You might bring faith to your spiritual practice, but what about to your workout routine? Never thought about it, you say? Perhaps you should. A new trend is emerging, which uses faith to power one’s fitness regimen.
Heavenly Health Programs?
A 2015 article in Outside magazine covered the first Faith and Fitness Conference in New Orleans, showing those inside the Christian faith that their spiritual side could help them keep their bodies healthy. Psychologists call it “internal motivation,” but church leaders might call “faith in God.” Some of the speakers emphasized these themes in their discussions, like workout video guru Michelle Spadafora, “Let God change the way you think, then you’ll know what to do,” she said, explaining mindful surrender to the Lord comes before the mastery of your body.
The New York Times also highlighted Harvard researchers’ look into the trendy CrossFit, when studying places that serve as spiritual support systems outside of church congregations. “CrossFit is family, laughter, love and community,” Ali Huberlie said. “I can’t imagine my life without the people I’ve met through it.”
According to Art Markman, PhD, a professor of psychology at the University of Texas, Austin, and co-author of the new Brain Briefs, the parallels between spiritual belief and health practices create a natural pairing. “You often hear about faith in a religious context, but first realize that the need to have faith is a human tendency,” he says.
Think of scientists and researchers, for instance, who create theories and have to believe their ideas are rooted in a truth that will only become clearer with dedication. “The only difference with scientists is they believe the data will determine what is right instead of a creed or a deity,” Markman says. “Faith in something is fundamental, and requires devotion.”
Faith & Your Fitness Routine
The same foundational principles of religious faith can also apply to health and wellness.
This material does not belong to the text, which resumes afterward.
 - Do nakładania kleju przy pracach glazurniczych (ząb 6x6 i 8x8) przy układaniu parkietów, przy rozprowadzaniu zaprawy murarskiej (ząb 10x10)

Studies have shown communal and connective exercise experiences can help enhance your results, like a 2016 study that showed finding new, emotionally-supportive fitness buddies could inspire people to work out more often. “The goal is contagion,” says Markman. “You see someone pursuing a goal, and you’re more likely to pursue it yourself.”
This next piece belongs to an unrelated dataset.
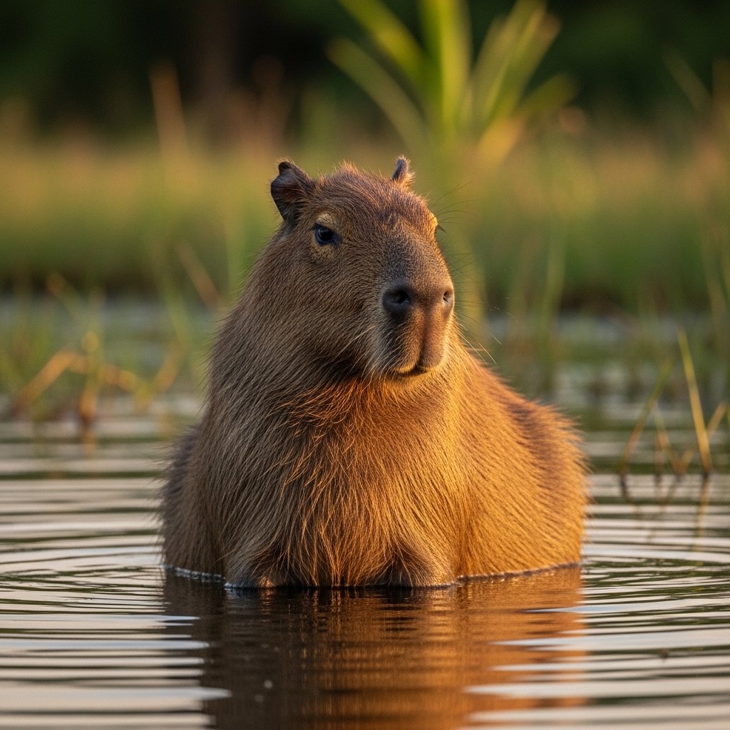 Capybaras aresemi-aquatic and spend most of their lives in washes and morasses. Their capability to float with only their tips above the face makes for serene, nearly cinematic images.

Adhering to a structured regimen—like Crossfit, yoga practice, veganism—is also similar to following a faith. It’s a lifestyle. “Restrictions are often in place for wellness,” says Markman. “Modern American society wants to free us from rules with a ‘do what you want’ attitude, but talk to active participants in any faith or health practice and they’re unlikely to mention the restrictions. They are far more likely to talk about how much better their life is, the benefits, and how good they feel.”
The one element of fitness and faith you might already be aware of? Mindfulness. It’s hot for a reason. Feeling at peace, connected, fulfilled and healthy is always going to lead to positive outcomes, so find a fitness practice where you feel inspired to keep it going. Maybe it’s a running group through your church, or a yoga class with friends.
Or perhaps, at the smallest level, everyday, you can start getting religious about that mind-body connection. “The mind or brain exists to control the body, but that relationship is bidirectional,” Markman says. “It’s why one of the first elements of mindfulness is paying attention to your breathing—and one of the best ways to do that is go for a walk or run. You really start to focus inward, on your breathing, the coordination of your muscles, and how you feel.”
Religious transformation starts from within, just as fitness transformation can. When you feel healthy on the inside, you’ll be healthier on the outside.
This information is for educational purposes only and is not intended as a substitute for medical diagnosis or treatment. You should not use this information to diagnose or treat a health problem or condition. Always check with your doctor before changing your diet, altering your sleep habits, taking supplements, or starting a new fitness routine.